Your instructions: An exact copy of the data is needed, but without any of its images.

Listed records:
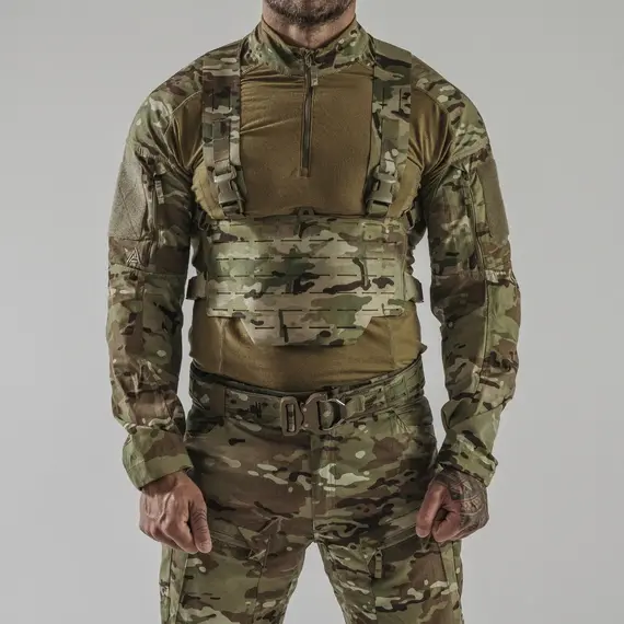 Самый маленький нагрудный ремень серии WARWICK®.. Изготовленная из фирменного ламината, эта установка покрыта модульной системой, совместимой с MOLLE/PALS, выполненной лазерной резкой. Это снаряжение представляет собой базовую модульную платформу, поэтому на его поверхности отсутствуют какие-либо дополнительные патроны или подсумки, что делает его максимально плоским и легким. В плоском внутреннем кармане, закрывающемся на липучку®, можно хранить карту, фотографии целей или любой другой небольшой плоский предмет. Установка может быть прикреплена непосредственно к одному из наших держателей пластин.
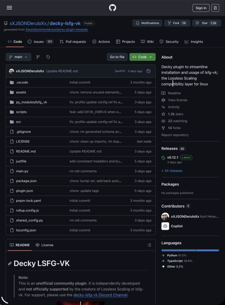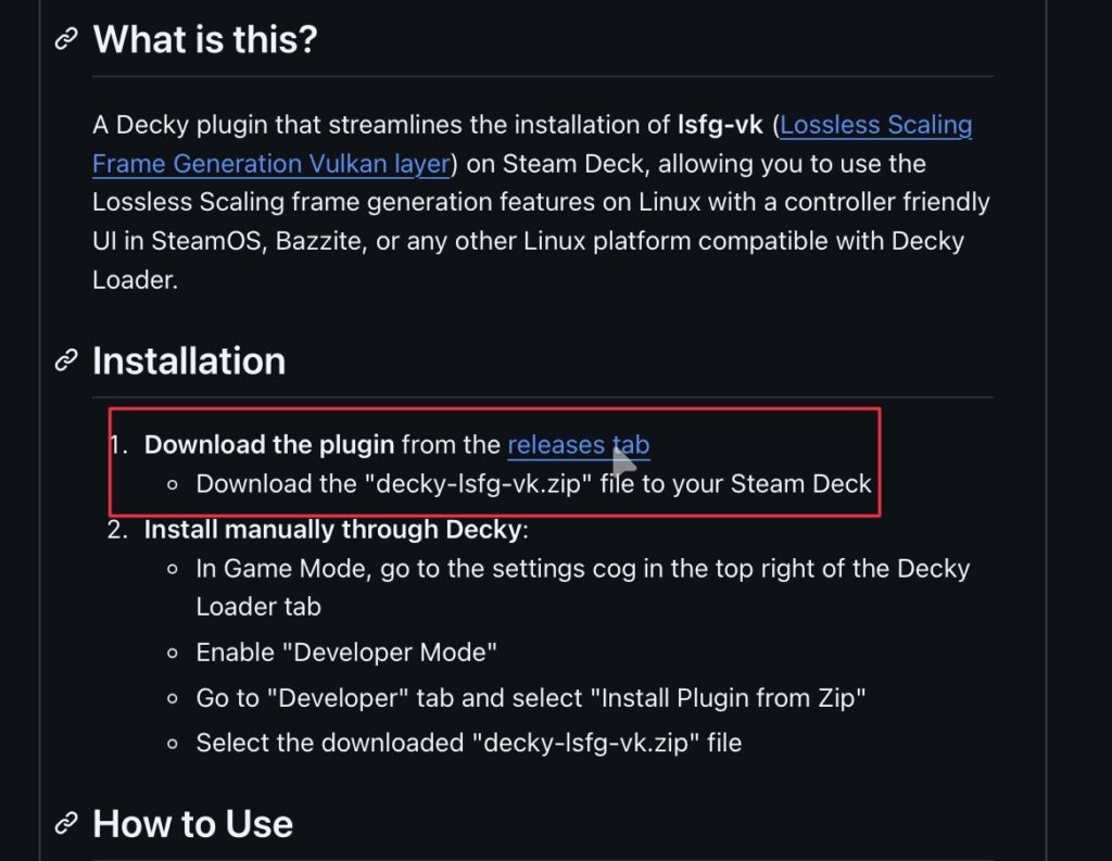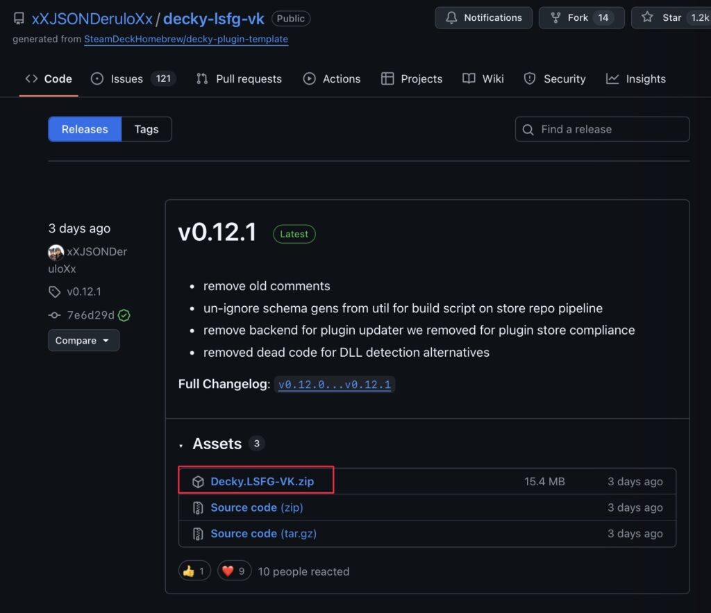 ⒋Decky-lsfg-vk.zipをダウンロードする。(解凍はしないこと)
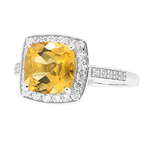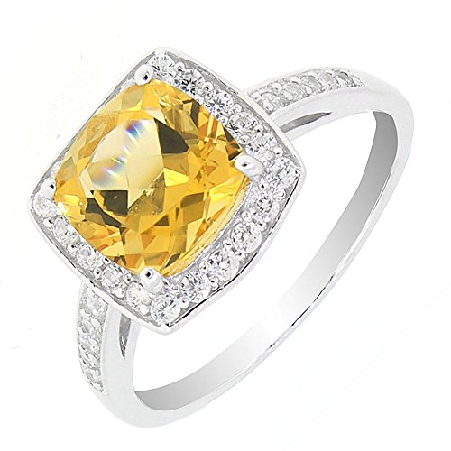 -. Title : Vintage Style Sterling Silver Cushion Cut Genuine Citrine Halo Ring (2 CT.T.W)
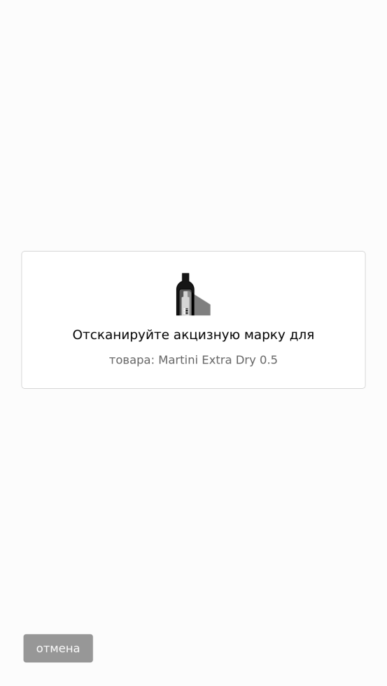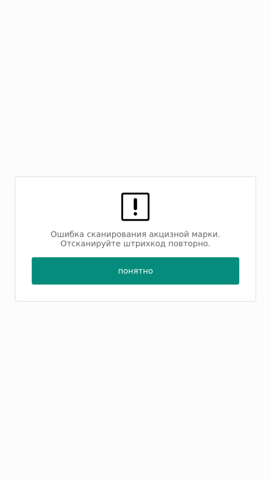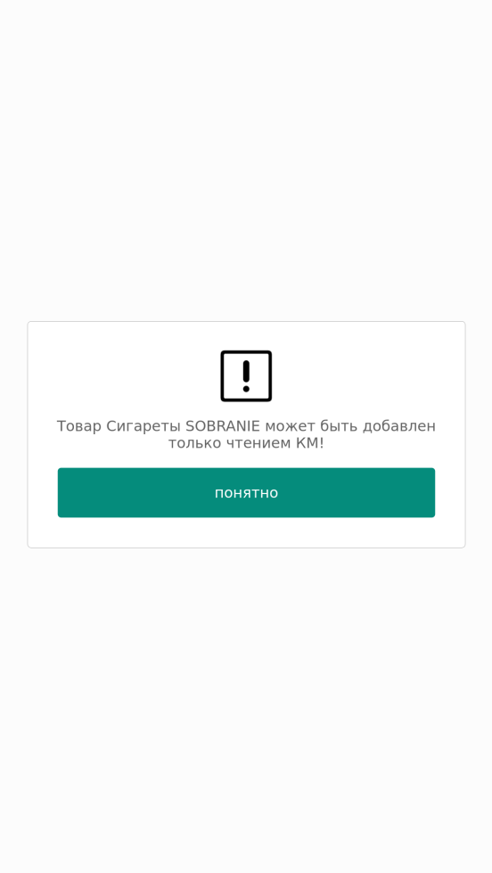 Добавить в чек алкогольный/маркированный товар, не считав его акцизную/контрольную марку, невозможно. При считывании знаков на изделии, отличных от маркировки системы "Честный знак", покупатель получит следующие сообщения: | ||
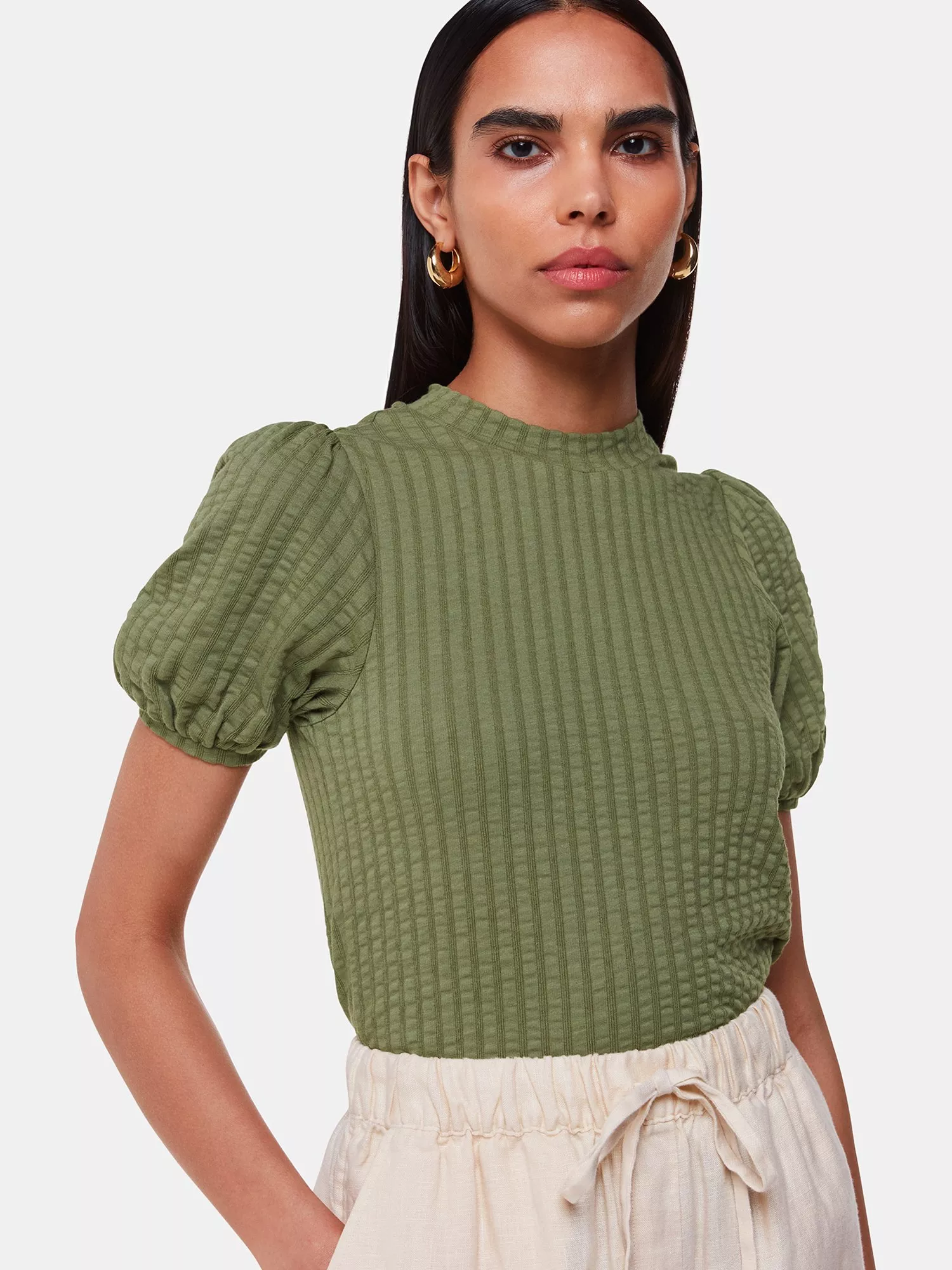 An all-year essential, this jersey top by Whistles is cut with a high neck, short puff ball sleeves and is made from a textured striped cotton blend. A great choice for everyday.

Solution to the exercise:
 Самый маленький нагрудный ремень серии WARWICK®.. Изготовленная из фирменного ламината, эта установка покрыта модульной системой, совместимой с MOLLE/PALS, выполненной лазерной резкой. Это снаряжение представляет собой базовую модульную платформу, поэтому на его поверхности отсутствуют какие-либо дополнительные патроны или подсумки, что делает его максимально плоским и легким. В плоском внутреннем кармане, закрывающемся на липучку®, можно хранить карту, фотографии целей или любой другой небольшой плоский предмет. Установка может быть прикреплена непосредственно к одному из наших держателей пластин.
 ⒋Decky-lsfg-vk.zipをダウンロードする。(解凍はしないこと)
 -. Title : Vintage Style Sterling Silver Cushion Cut Genuine Citrine Halo Ring (2 CT.T.W)
 Добавить в чек алкогольный/маркированный товар, не считав его акцизную/контрольную марку, невозможно. При считывании знаков на изделии, отличных от маркировки системы "Честный знак", покупатель получит следующие сообщения: | ||
 An all-year essential, this jersey top by Whistles is cut with a high neck, short puff ball sleeves and is made from a textured striped cotton blend. A great choice for everyday.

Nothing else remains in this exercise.